Elon Musk, spurred on in part by his reading of Nick Bostrom’s Superintelligence, recently has been warning of the existential crisis Artificial Intelligence poses. In a Slate piece that’s, of course, contrarian, Adam Elkus takes the Tesla technologist to task for what he sees as technopanic. I don’t believe we’ll survive as a species without advanced AI, but it certainly possesses its own extinction threats, and I don’t think there’s anything wrong with leaders in the field addressing them. From Elkus:
“When public figures like Musk characterize emerging technologies in mystical, alarmist, and metaphorical terms, they abandon the very science and technology that forged innovations like Tesla cars for the superstition and ignorance of what Carl Sagan famously dubbed the ‘demon-haunted world.’ Instead of helping users understand, adapt to, and even empathize with the white-collar robot that may be joining their workplace, Musk’s remarks encourage them to fear and despise what they don’t understand. It is fitting that Musk’s remarks come so close to Halloween, as his rhetoric resembles that of the village elder in an old horror movie who whips up the villagers to bear pitchforks and torches to kill the monster in the decrepit old castle up the hill.

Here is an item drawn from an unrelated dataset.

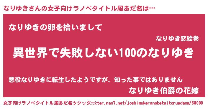 | 胡散臭い通販商品みたいなあだ名 | 『絶対に幸福をもたらす健康食品…その名も「なりゆき」』 |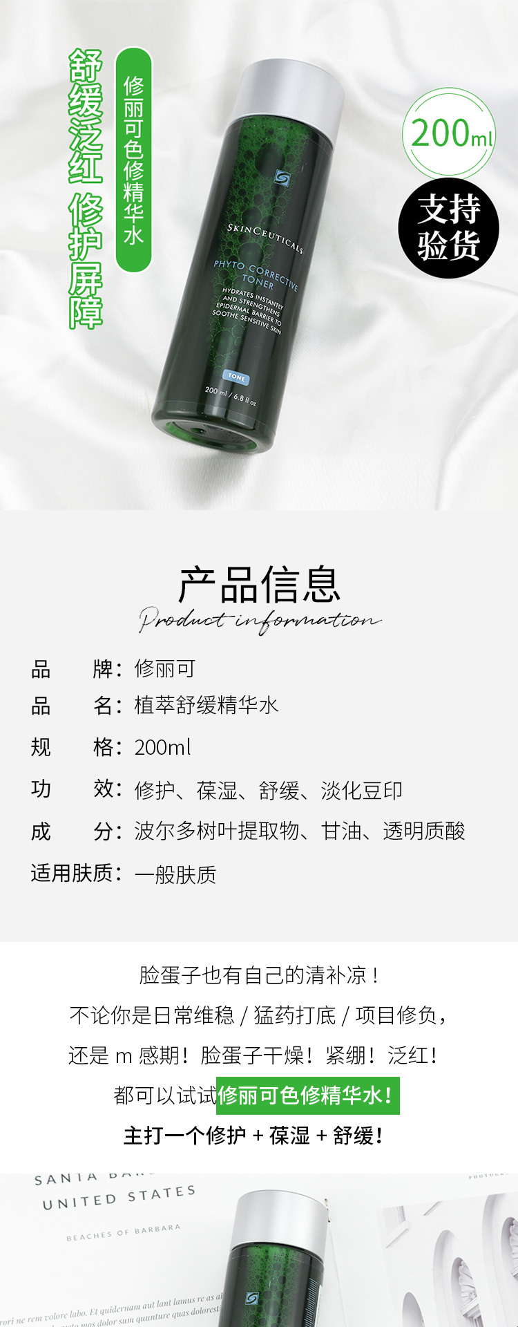 新品 修丽可植萃舒缓精华水200ml (色修精华水)(正装)

The greatest tragedy of the emergent AI technopanic that Musk fuels is that it may reduce human autonomy in a world that may one day be driven by increasingly autonomous machine intelligence. Experts tell us that emerging AI technologies will fundamentally reshape everything from romantic relationships to national security. They could be wrong, as AI has an unfortunate history of failing to live up to expectations. Let’s assume, however, that they are right. Why would it be in the public interest to—through visions of demons, wizards, and warlocks—contribute to an already growing divide between the technologists who make the self-driving cars and the rest of us who will ride in them?”